Counting subwords in flattened permutations

TL;DR

This paper studies the distribution of various subword patterns in flattened permutations, providing explicit formulas and connections to classical polynomials, and establishing equidistribution results.

Contribution

It introduces a unified approach to derive explicit formulas for subword pattern distributions in flattened permutations, linking them to Eulerian and Chebyshev polynomials.

Findings

Explicit formulas for descents and ascents using Eulerian polynomials.

Formulas for 123- and 321-subwords expressed via Chebyshev polynomials.
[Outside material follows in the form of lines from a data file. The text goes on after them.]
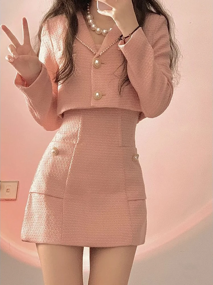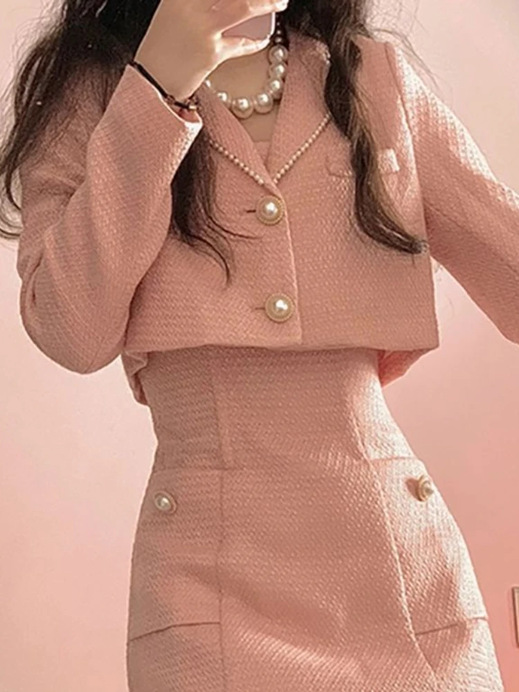 FREE SHIPPING Women Autumn Elegant Korean Style Tweed Blazer Coat And Strap Mini Dress Two Piece Set JKP6076
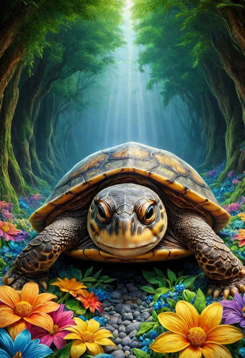 paper quilling art of ,art of an award-winning photo of a turtle laying in rainbow flowers looking over his shoulder:1.5, hyperrealistic, natural habitat, beautiful flowers, Intricate, delicate, curling, rolling, shaping, coiling, loops, 3D, dimensional, ornamental . intricate, delicate, curling, rolling, shaping, coiling, loops, 3D, dimensional, ornamental
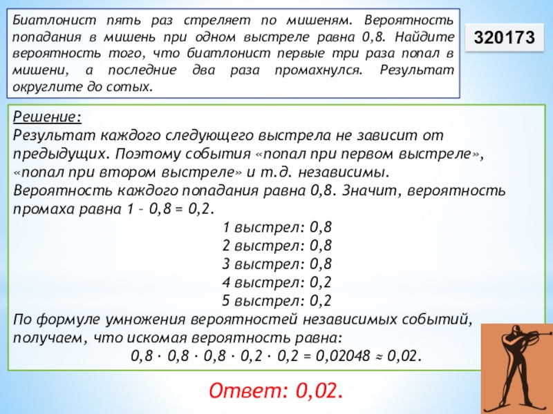 Биатлонист пять раз стреляет по мишеням. Вероятность попадания в мишень при одном выстреле равна 0,8. Найдите вероятность того, что биатлонист первые три раза попал в мишени, а последние два раза промахнулся. Результат округлите до сотых.
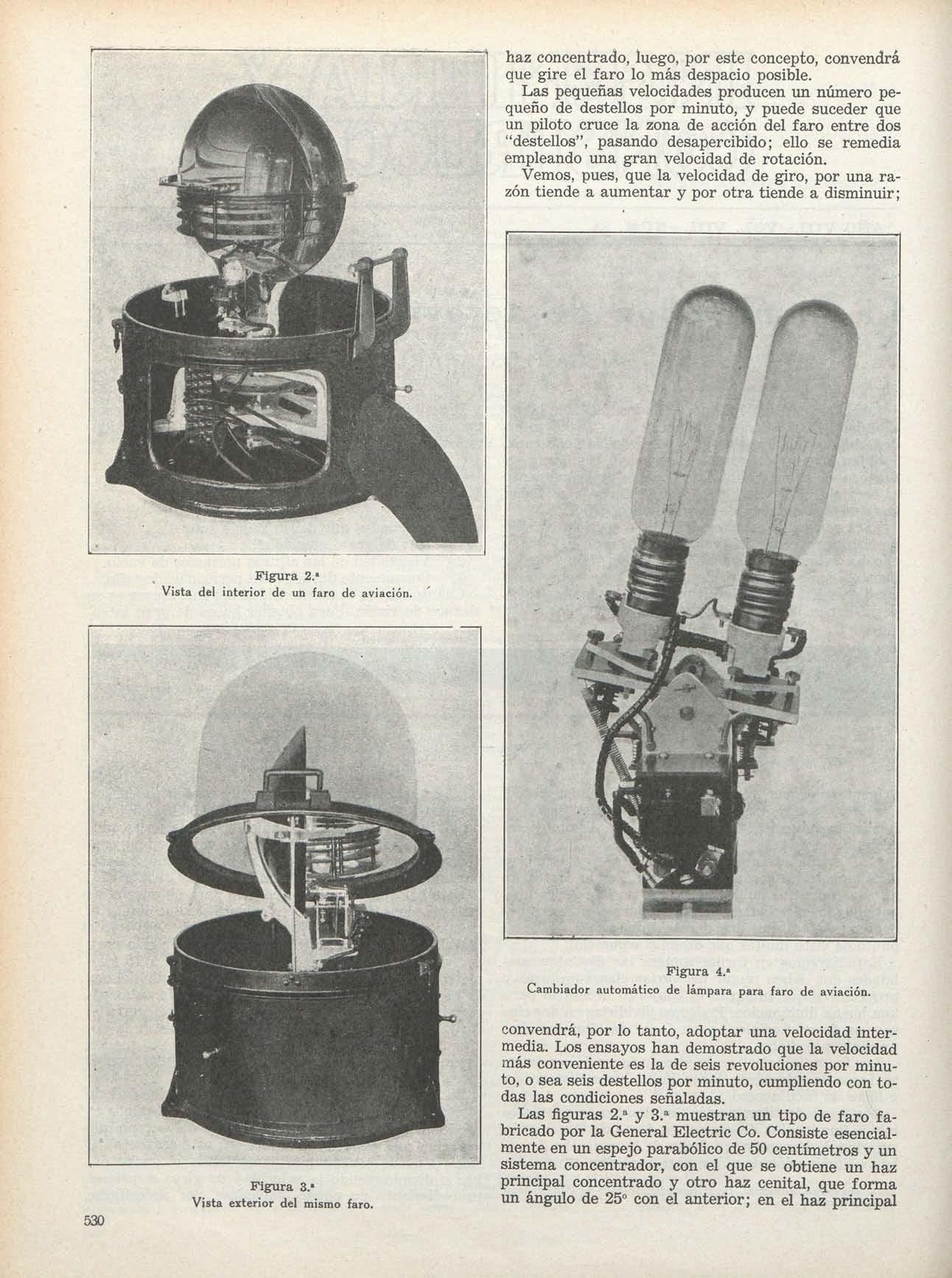 Las figuras 2."y 3." muestran tm tipo de faro fabricadoporlaGeneralElectricCo Consiste esencialmenteenunespejoparabólicode50centímetrosy un sistema concentrador, con el que se obtiene un haz principal concentrado y otro haz cenital, que forma un ángulode25°con elanterior^ enelhaz principal
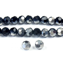 Chinese Cut Crystal Bead 32 Facet - Round 04MM JET with HALF SILVER
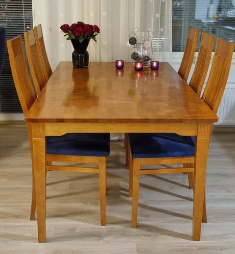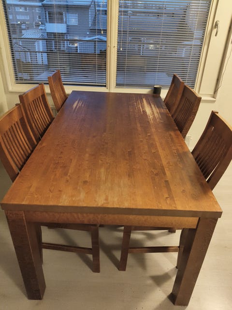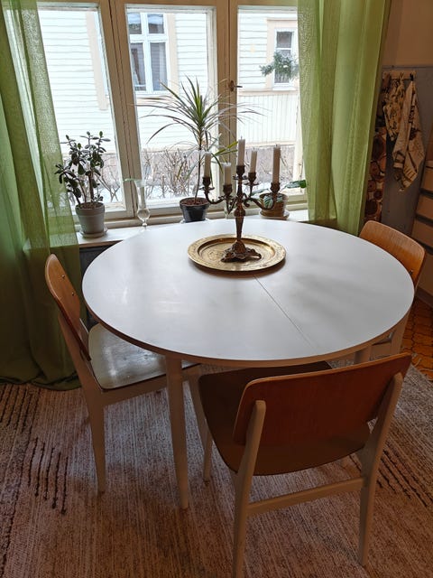 Ruokailuryhmä on usein melko arvokas hankinta ja usein kotona kovassa käytössä. Esimerkiksi taloudessa, jossa on yksi tai useampi pieni lapsi, ruokapöytään ja tuoleihin saattaa tulla naarmuja ja tahroja. Kannattaakin miettiä, voisiko käytetty pöytä olla omaan tarpeeseen riittävä ratkaisu. Ostamalla käytettyjä kodin kalusteita tuet myös kiertotaloutta!

Bijection showing equidistribution of descents in flattened and usual permutations.

Abstract

In this paper, we consider the number of occurrences of descents, ascents, 123-subwords, 321-subwords, peaks and valleys in flattened permutations, which were recently introduced by Callan in his study of finite set partitions. For descents and ascents, we make use of the kernel method and obtain an explicit formula (in terms of Eulerian polynomials) for the distribution on $\mathcal{S}_n$ in the flattened sense. For the other four patterns in question, we develop a unified approach to obtain explicit formulas for the comparable distributions. We find that the formulas so obtained for 123- and 321-subwords can be expressed in terms of the Chebyshev polynomials of the second kind, while those for peaks and valleys are more related to the Eulerian polynomials. We also provide a bijection showing the equidistribution of descents in flattened permutations of a given length with big descents in permutations of the same length in the usual sense.